---
title: "Heisenberg picture"
sort_title: "Heisenberg picture"
date: 2021-02-24
categories:
- Quantum mechanics
- Physics
layout: "concept"
---

The **Heisenberg picture** is an alternative formulation of quantum mechanics,
and is equivalent to the traditional Schrödinger equation.

In the Schrödinger picture,
time-independent operators are constant by definition,
and the state $$\Ket{\psi_S(t)}$$ varies as follows, where $$\hat{U}(t)$$
is the [time evolution operator](/know/concept/time-evolution-operator/):

$$\begin{aligned}
    \Ket{\psi_S(t)}
    = \hat{U}(t) \Ket{\psi_S(0)}
\end{aligned}$$

In the Heisenberg picture, the roles are reversed:
the states $$\Ket{\psi_H}$$ are constants,
and instead the operators vary in time.
In some situations this approach can be more convenient,
and since we usually care about the evolution of observable quantities,
studying the corresponding operators directly
may make more sense than finding abstract quantum states.
Another advantage is that basis states remain fixed,
which can simplify calculations.

Given a Schrödinger-picture state $$\Ket{\psi_S(t)}$$
and an operator $$\hat{L}_S(t)$$ that may or may not depend on time,
they can be converted to the Heisenberg picture by the following transformation:

$$\begin{aligned}
    \boxed{
        \Ket{\psi_H}
        \equiv \Ket{\psi_S(0)}
    }
    \qquad\qquad
    \boxed{
        \hat{L}_H(t)
        \equiv \hat{U}^\dagger(t) \: \hat{L}_S(t) \: \hat{U}(t)
    }
\end{aligned}$$

Note that if $$\hat{H}_S$$ is time-independent,
then it commutes with $$\hat{U}(t)$$,
meaning $$\hat{H}_H = \hat{H}_S$$,
so it can simply be labelled $$\hat{H}$$.
This is not true for time-dependent Hamiltonians.

Since $$\hat{U}(t)$$ is unitary,
the expectation value of a given operator is unchanged:

$$\begin{aligned}
    \expval{\hat{L}_H}
    &= \matrixel{\psi_H}{\hat{L}_H(t)}{\psi_H}
    \\
    &= \matrixel{\psi_S(0)}{\hat{U}^\dagger(t) \: \hat{L}_S(t) \: \hat{U}(t)}{\psi_S(0)}
    \\
    &= \matrixel{\hat{U}(t) \psi_S(0)}{\hat{L}_S(t)}{\hat{U}(t) \psi_S(0)}
    \\
    &= \matrixel{\psi_S(t)}{\hat{L}_S}{\psi_S(t)}
    \\
    &= \expval{\hat{L}_S}
\end{aligned}$$

The Schrödinger and Heisenberg pictures therefore respectively
correspond to active and passive transformations by $$\hat{U}(t)$$
in [Hilbert space](/know/concept/hilbert-space/).
The two formulations are entirely equivalent,
and can be derived from one another,
as we will show shortly.

In the Heisenberg picture, the states are constant,
so the time-dependent Schrödinger equation is not directly useful.
Instead, we use it derive a new equation for $$\hat{L}_H(t)$$,
with the key being that $$\hat{U}(t)$$ itself
satisfies the Schrödinger equation by definition:

$$\begin{aligned}
    \dv{}{t} \hat{U}(t)
    = - \frac{i}{\hbar} \hat{H}_S(t) \: \hat{U}(t)
\end{aligned}$$

Where $$\hat{H}_S(t)$$ may depend on time.
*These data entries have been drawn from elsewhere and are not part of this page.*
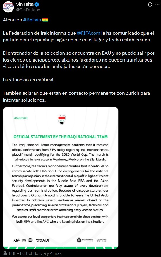 Este miércoles la FIFA confirmó a Irak como uno de los seis participantes de la repesca internacional, pese a los conflictos bélicos en Medio Oriente, situación que puso en duda la presencia de Irán en la fase de grupos y que tenía a la Federación iraquí expectante de una posible clasificación directa para ocupar esa plaza.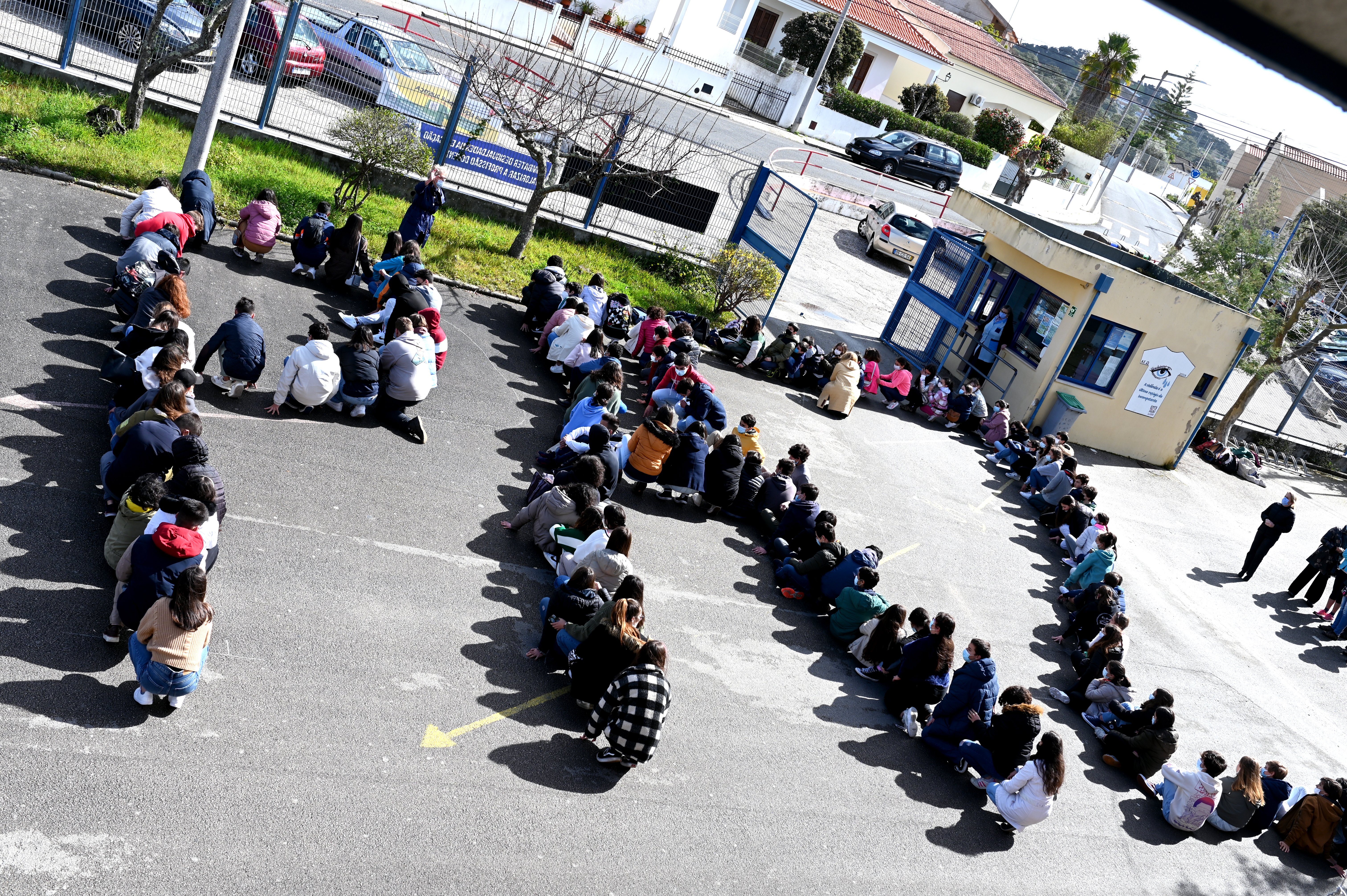 Membros da comunidade educativa formaram a palavra PAZ, enquanto se fez um minuto de silêncio pelas vítimas da guerra!"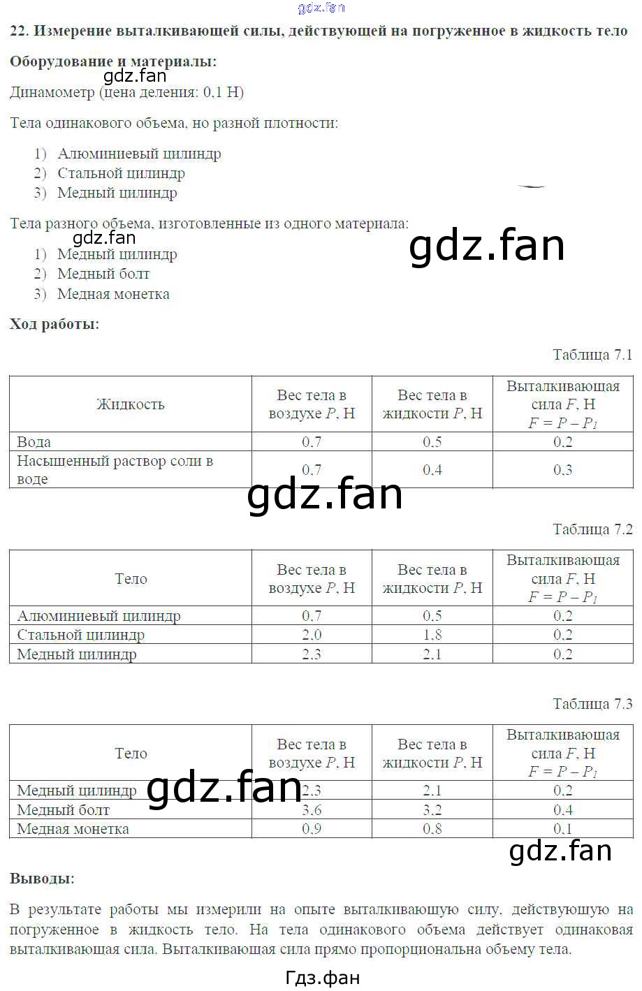 Проверка домашнего задания всегда занимает большое количество времени. На помощь приходит ГДЗ фан по Физике седьмого класса. Здесь собраны популярные ответы на №22. Измерение выталкивающей силы, действующей на погруженное в жидкость тело (стр. 56-57) Физика 7 класс тетрадь-практикум Белага В.В.

We differentiate the definition of
$$\hat{L}_H(t)$$ and insert the other side of the Schrödinger equation when necessary:

$$\begin{aligned}
    \dv{\hat{L}_H}{t}
    &= \dv{\hat{U}^\dagger}{t} \hat{L}_S \hat{U}
    + \hat{U}^\dagger \hat{L}_S \dv{\hat{U}}{t}
    + \hat{U}^\dagger \dv{\hat{L}_S}{t} \hat{U}
    \\
    &= \frac{i}{\hbar} \hat{U}^\dagger \hat{H}_S (\hat{U} \hat{U}^\dagger) \hat{L}_S \hat{U}
    - \frac{i}{\hbar} \hat{U}^\dagger \hat{L}_S (\hat{U} \hat{U}^\dagger) \hat{H}_S \hat{U}
    + \bigg( \dv{\hat{L}_S}{t} \bigg)_H
    \\
    &= \frac{i}{\hbar} \hat{H}_H \hat{L}_H
    - \frac{i}{\hbar} \hat{L}_H \hat{H}_H
    + \bigg( \dv{\hat{L}_S}{t} \bigg)_H
\end{aligned}$$

We thus get the following equation of motion for operators in the Heisenberg picture:

$$\begin{aligned}
    \boxed{
        \dv{}{t}\hat{L}_H(t)
        = \frac{i}{\hbar} \comm{\hat{H}_H(t)}{\hat{L}_H(t)} + \bigg( \dv{}{t}\hat{L}_S(t) \bigg)_H
    }
\end{aligned}$$

This result is arguably more intuitive than the Schrödinger picture,
because it allows us to think about observables (i.e. operators) in a more classical way.
For example, inserting the position $$\hat{X}$$
and momentum $$\hat{P} = - i \hbar \: \idv{}{\hat{X}}$$
gives the following Newton-style relations:

$$\begin{aligned}
    \dv{\hat{X}}{t}
    &= \frac{i}{\hbar} \comm{\hat{H}}{\hat{X}}
    = \frac{\hat{P}}{m}
    \\
    \dv{\hat{P}}{t}
    &= \frac{i}{\hbar} \comm{\hat{H}}{\hat{P}}
    = - \dv{V(\hat{X})}{\hat{X}}
\end{aligned}$$

Where the commutators have been treated as known.
These equations would not be valid in the Schrödinger picture,
unless we took their expectation value
to get [Ehrenfest's theorem](/know/concept/ehrenfests-theorem/).